#### BRIEF
Exact copy, no pictures: every line from the one that contains "- 56'' 50,000" through the end of the data below, and nothing else.

#### STORED DATA
*** Begin section ***
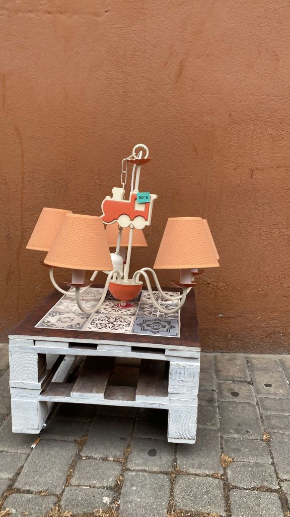 Dos lámparas de techo similares para dormitorios infantiles, una verde y la otra naranja. En perfecto estado y listas para colocar. A la venta el domingo 1 de septiembre en la próxima edición de Ganbarazelai. Precio: 50€ cada una.
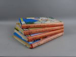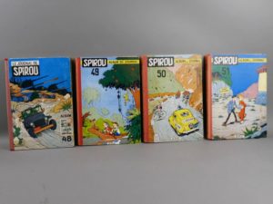 RELIURES SPIROU 1954 - Nos 48, 49, 50 et 51 - Ensemble de 4 recueils éditeur couvrant les numéros 820 à 872 - Recueil 48 en état moyen, dos refait, bloc feuillet remboité, plats corrects avec traces d’adhésifs, bords frottés avec retouches de couleurs / Recueil 49 en très bon état général / Recueils 50 et 51 en bon état général.
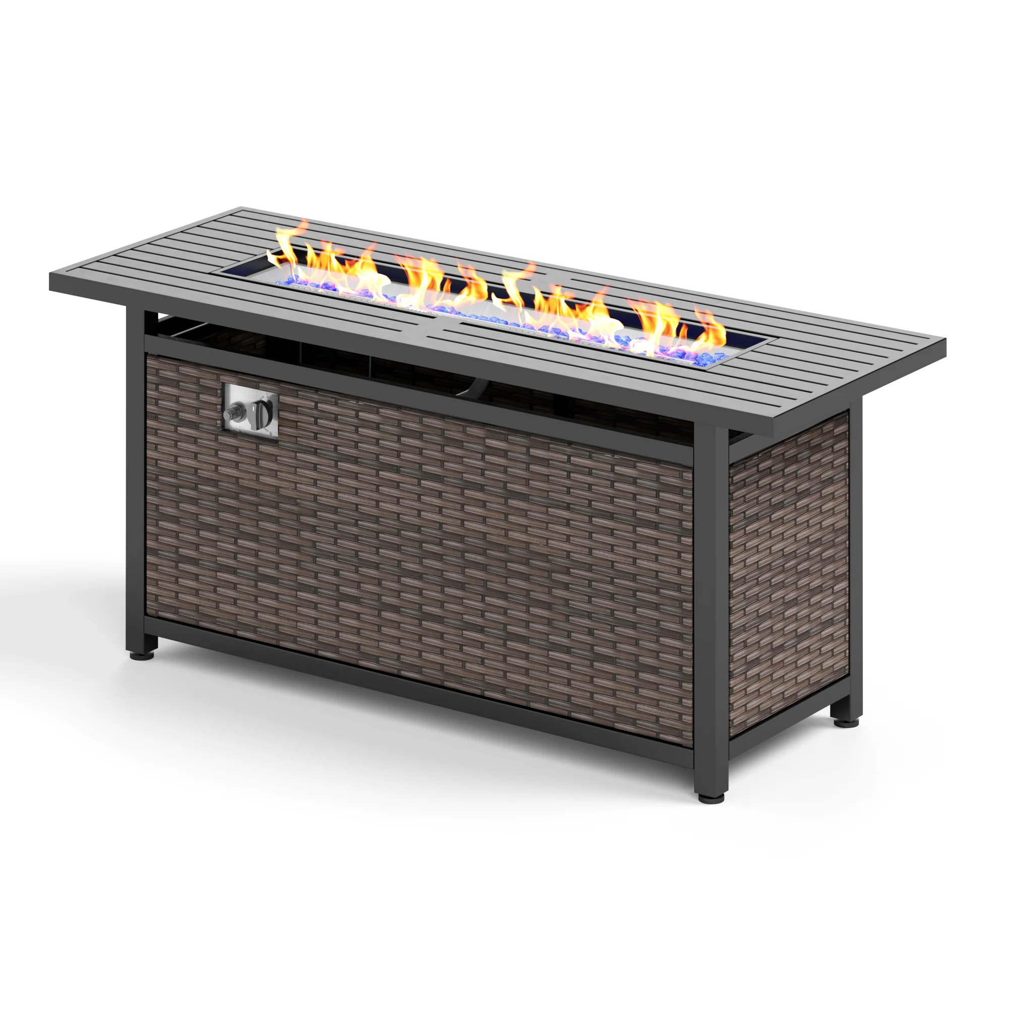 - 56'' 50,000 BTU Outdoor Wicker and Steel Rectangle Gas Fire Pit Table
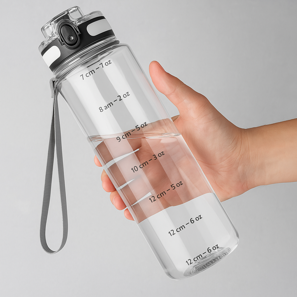 - CAPACITY AND MATERIAL: 1-litre transparent water bottle made from durable, BPA-free material that's both leak-proof and break-resistant for daily use
*** End section ***
#### THE ANSWER
 - 56'' 50,000 BTU Outdoor Wicker and Steel Rectangle Gas Fire Pit Table
 - CAPACITY AND MATERIAL: 1-litre transparent water bottle made from durable, BPA-free material that's both leak-proof and break-resistant for daily use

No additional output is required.